Disclosure of Accounting Policies effective from 1 January 2023 adopted by the EU

IFRS 17 replaces IFRS 4 Insurance Contracts. It requires the application of an ongoing valuation model under which measurements are reviewed each reporting period. Contracts are evaluated using:

  • discounted probability-weighted cash flows;
  • explicit risk adjustment, and

  • contractual service margin, representing the profit from the contract not made, which is recognised as revenue for the period of cover.

The standard permits a choice in recognising changes in the discount rate in either profit or loss or other comprehensive income. The new rules will affect the financial statements and key performance indicators of all companies that issue insurance contracts.

IFRS 17 Insurance Contracts makes significant changes to the accounting for insurance and reinsurance contracts.

IFRS 17 includes principle requirements that are intended to improve the comparability of the measurement and presentation of insurance contracts across companies.

In the process of applying IFRS 17, the Group has evaluated its portfolio of insurance contracts to identify groups of insurance contracts. Each group of insurance contracts includes contracts that are subject to similar risks and are managed together. Contracts within a product line can be expected to have similar risks and therefore fall into the same group if managed together.

In analysing the portfolio of insurance contracts, the Group has not identified a group of contracts that are on initial recognition onerous or a group of contracts that would become onerous.

As the insurance company of the Group operates exclusively in the voluntary health insurance sector (general insurance), the period of coverage for each contract in the groups identified for monitoring and measurement is one year or less.

As a result of the valuation of the portfolio of insurance contracts and the relevant grouping, the Group has determined the valuation method for the insurance contracts and has elected to apply the 'Premium Allocation Approach'.

The Group does not expect significant volatility in cash flows for performance that would affect the measurement of the residual coverage liability in the period prior to claims on the group insurance contracts issued. In determining the initial effects of applying the standard, the variability of cash flows for performance increases with the length of the coverage period for the group of contracts.

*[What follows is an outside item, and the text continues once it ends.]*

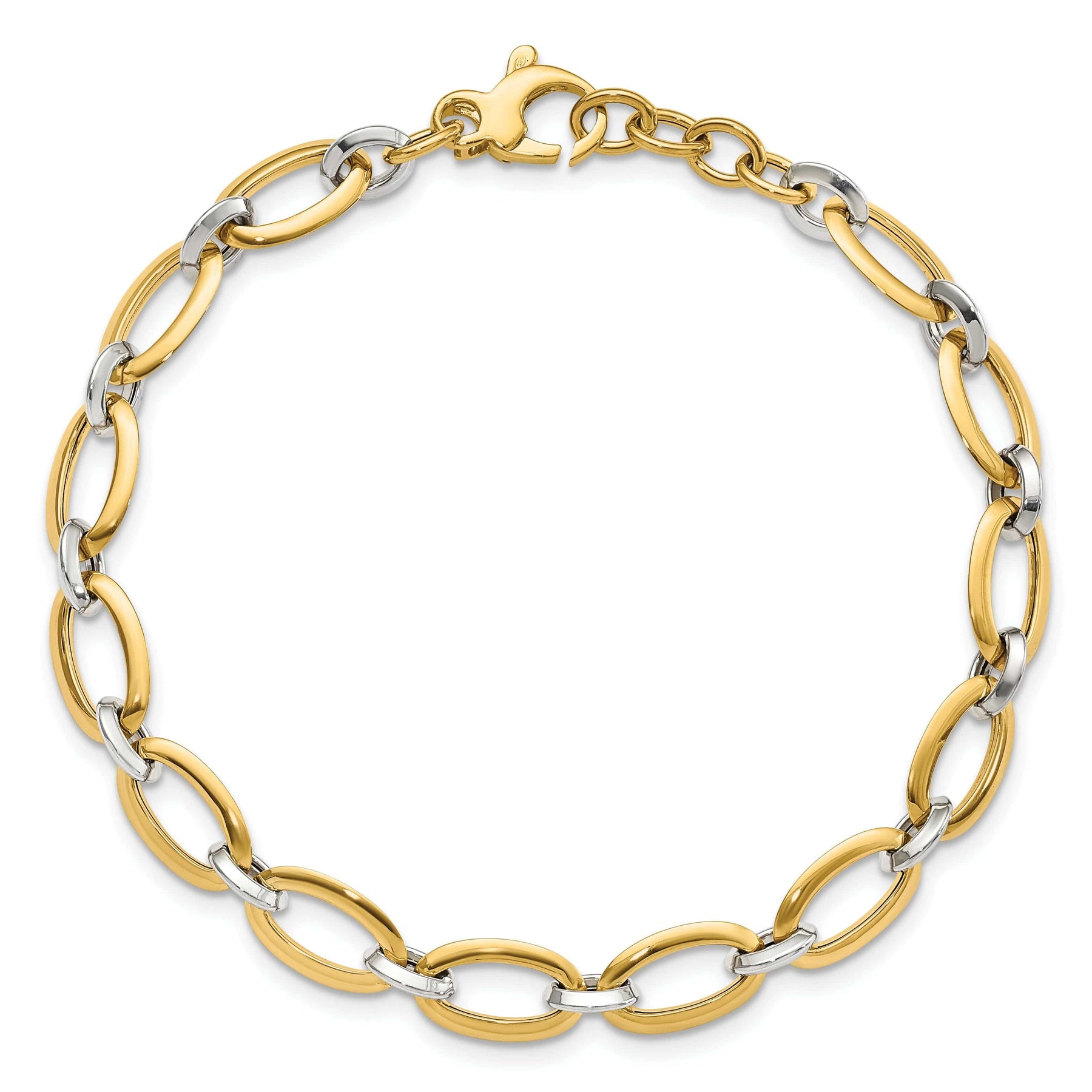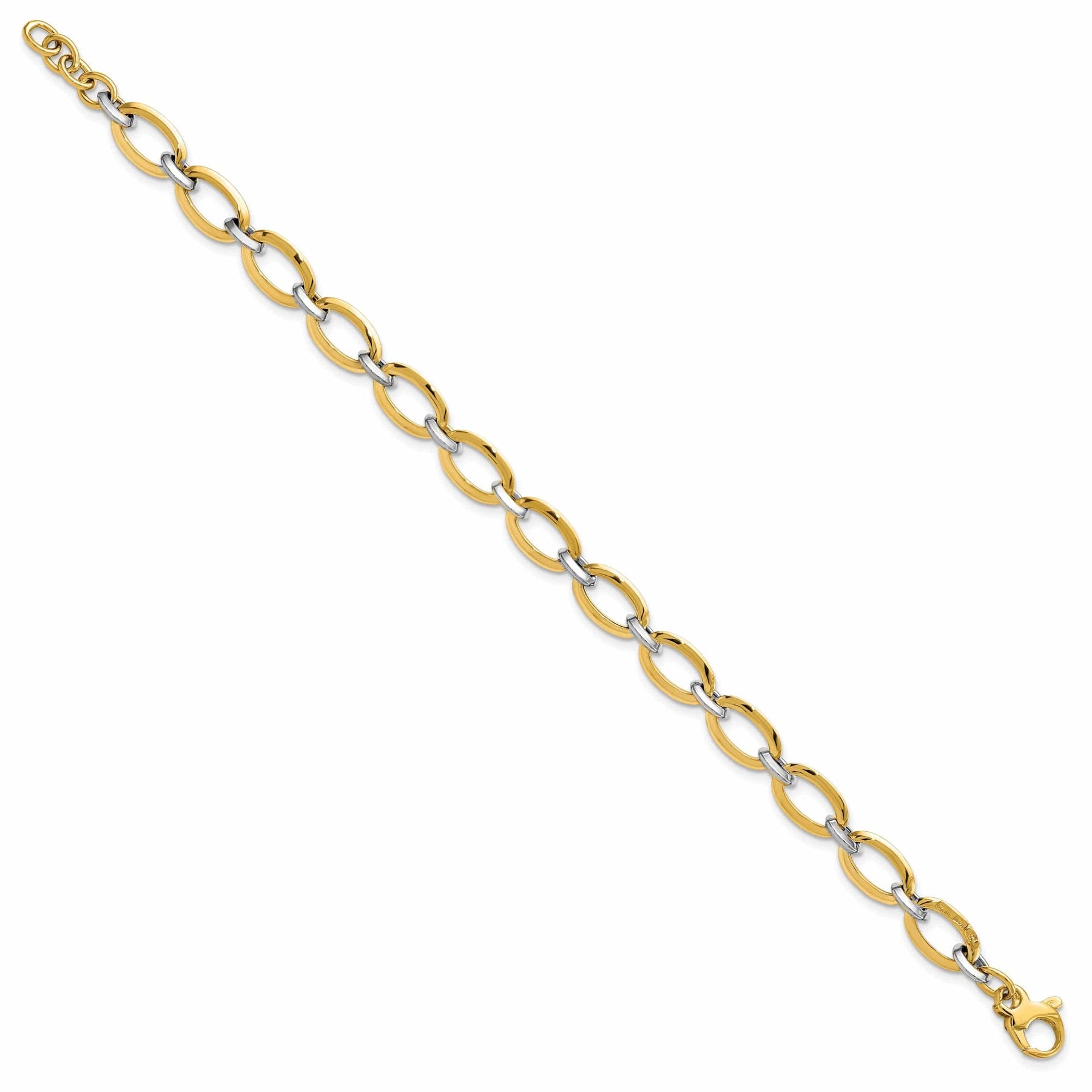 Whether you're dressing up for a special occasion or adding a touch of glamour to your everyday attire, this 14K Two Tone Gold Bracelet is the perfect choice. Elevate your style and add a touch of luxury to your wardrobe with this exquisite piece.

Using the Premium Allocation Approach at initial recognition, the carrying amount of the liability for remaining coverage is formed from the premiums received at initial recognition, if any, less any cash flows to acquire insurance as at that date.

At the end of each subsequent reporting period, the carrying amount of the liability for groups of insurance contracts is determined as the carrying amount at the beginning of the reporting period:

  • plus the premiums received during the period;
  • less cash flows for insurance acquisition;
  • plus any amounts relating to the amortisation of cash flows for the acquisition of insurance recognised as an expense during the reporting period;

  • less the amount recognised as insurance income for services rendered during that period; The Group does not adjust the carrying amount of the liability for remaining coverage to reflect the time value of money and the effect of financial risk because, at initial recognition, it expects that the period between the rendering of each service component and the related premium maturity

is no more than one year.

If, at any time during the period of providing the insurance service, the Group identifies that a group of insurance contracts is onerous, the entity calculates the difference between the carrying amount of the liability for remaining coverage and the performance cash flows associated with the remaining coverage for the group. To the extent that the cash flows for performance exceed the carrying amount of the liability for remaining coverage, the Group recognises a loss in profit or loss and increases the liability for remaining coverage.

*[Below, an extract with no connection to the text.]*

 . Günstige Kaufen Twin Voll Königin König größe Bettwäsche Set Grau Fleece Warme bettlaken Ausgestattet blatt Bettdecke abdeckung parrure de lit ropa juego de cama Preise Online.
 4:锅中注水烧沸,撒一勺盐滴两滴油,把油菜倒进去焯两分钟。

The Group has chosen to recognise all cash flows for the acquisition of insurance as a reduction of the remaining coverage liability when it makes these expenses.

Impact assessment

The Premium Allocation Approach is similar to current accounting in estimating the remaining coverage liability.

Transition

Accounting policy changes arising from the adoption of IFRS 17 have been applied using a full retrospective approach to the extent practicable, except as described below. Under the full retrospective approach, the Group:

  • identifies, recognises and measures each group of insurance contracts as if IFRS 17 had always been applied;
  • identifies, recognises and measures all cash flow assets from insurance acquisitions, if any, as if IFRS 17 had always been applied, except that they will not be tested for recoverability;
  • writes off previously reported balances that would not exist if IFRS 17 had always been applied (including certain deferred acquisition costs, tax provisions relating to existing insurance contracts);
  • measures at fair value owner-occupied property, own financial liabilities; and
  • recognises any resulting net difference in equity items.

The adoption of IFRS 17 has had an impact on the Group's financial reporting processes and procedures as the application of the key principles outlined above requires additional information to be collected and processed and additional significant judgements to be made by management. In order to ensure a smooth and timely adoption of IFRS 17, the Group has launched a separate IFRS 17 implementation project. The project team included external contractors and members of the finance, actuarial and IT teams. Management had overall control over project implementation.

Standards and clarifications sussed by IASB that are not yet effective and are not applied as of an earlier date by the Group

As at the date of the approval for issue of these annual financial statements, new standards, amendments and explanations related to the existing standards are published but not in effect or not yet adopted by the EU for the financial year starting on 1 January 2023 and have not been applied by the Group from an earlier date.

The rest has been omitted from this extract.